Ingredients Needed for Creamy Potato and Bacon Soup
4 bacon slices
½ cup heavy cream
½ cup cheddar, shredded
1 tablespoon flour
2 tablespoons of milk
spring onion, chopped
How to Cook Creamy Potato and Bacon Soup
- Preheat the oven to 360 degrees F/180 degrees C.
- Cut the potatoes in half.
- Season them with salt and pepper.
- Line a baking tray with parchment paper. Place the potatoes in the tray and roast them for the next 45 minutes.
- Separately, heat a skillet over medium heat. Add the bacon slices and cook them until crispy.
- Remove the potato skins and place the potatoes in a blender.

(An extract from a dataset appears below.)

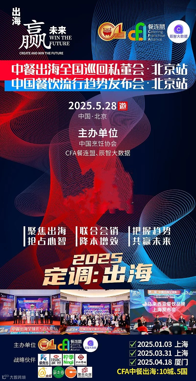 为助力中餐品牌开拓海外市场,【中餐出海全国巡回私董会暨中国餐饮流行趋势发布会】北京站将于2025年5月28日隆重举办。本次活动由中国烹饪协会、CFA餐连盟、辰智大数据联合主办,汇聚中餐出海领军者、海外市场专家及投资机构,聚焦中餐国际化战略、本土化运营、供应链优化等核心议题,通过主题分享、圆桌对话及资源对接,为餐饮企业提供实战经验与全球布局思路。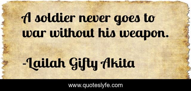 This page presents the quote "A soldier never goes to war without his weapon.". Author of this quote is Lailah Gifty Akita. This quote is about proverbs, weapon, soldier, war, wise-wisdom,.

Pour the heavy cream, add the shredded Cheddar, and 2 of the bacon slices. Blend everything until smooth.
- Heat a saucepan over medium heat. Pour the mixture and bring it to a boil, until small bubbles start to appear on its surface. Mix the flour and milk in a small bowl. Pour the mixture into the soup.
- Cook the soup for 10 minutes, while whisking from time to time, so it doesn’t stick to the pan.
- Place the soup into 2 separate bowls. Serve it with 1 fried bacon slice on top and a bit of spring onion.